Her stomach twisted. Do it had always been about her. Not by choice but by design.
She turned the page. There were lists of offerings. Symbols she hadn't learned in school. Ancient dialects, some not even translatable. But scattered among the chaos were threads of clarity, her grandmother's own words, shaky in parts, rushed in others:
"The pact was made in fear. I thought it would keep the village safe. I thought I could control it."
"But it grows. It watches. It does not forget."
"If you find this, Shanane, if you ever see this, I'm sorry. I'm so sorry."
The ink was darker here. It had bled at the edges.
"There's still time. But you must not trust it. You must not follow it."
Shanane's hands shook, but she didn't stop reading.
"Burn the room if you have the strength. Destroy the books. Break the line."
"And whatever you do, don't speak its name again."
Her eyes flicked to the floor. The mark on her wrist had begun to burn. She didn't speak aloud, but the name still rang in her bones.
Atheramond.
She had said it once. And it had heard her.

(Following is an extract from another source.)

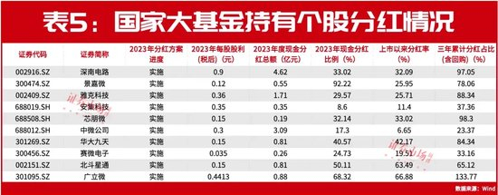 从分红角度观察,大基金持有的集成电路公司有分红预期的公司数量为24家,截至目前已经实施分红的公司数量为10家(见表5)。其中,2023年度现金分红总额居前的是深南电路,为4.62亿元。三年累计分红占比(含回购)较高的是深南电路和芯朋微,分别为97.05%和98.30%。

She stood suddenly, her chair scraping backward across the stone. She walked to the shelf where the book still sat, the one bound in cracked leather, its symbols writhing faintly beneath the surface.
She didn't touch it. Instead, she walked to the far side of the room. Past the desk. Past the herbs in their sealed jars. There was something else there, a second door. Or rather, a seam. Barely visible in the stone.
She hadn't seen it before. But now, with her eyes open, she saw it clearly. She approached, slowly. Laid a hand against the wall. It was warm.
She didn't open it. Not yet. But she would. Because hiding had bought her a week of peace. But understanding was her only shot at survival.
And if she wanted to sever this legacy, she needed to know everything.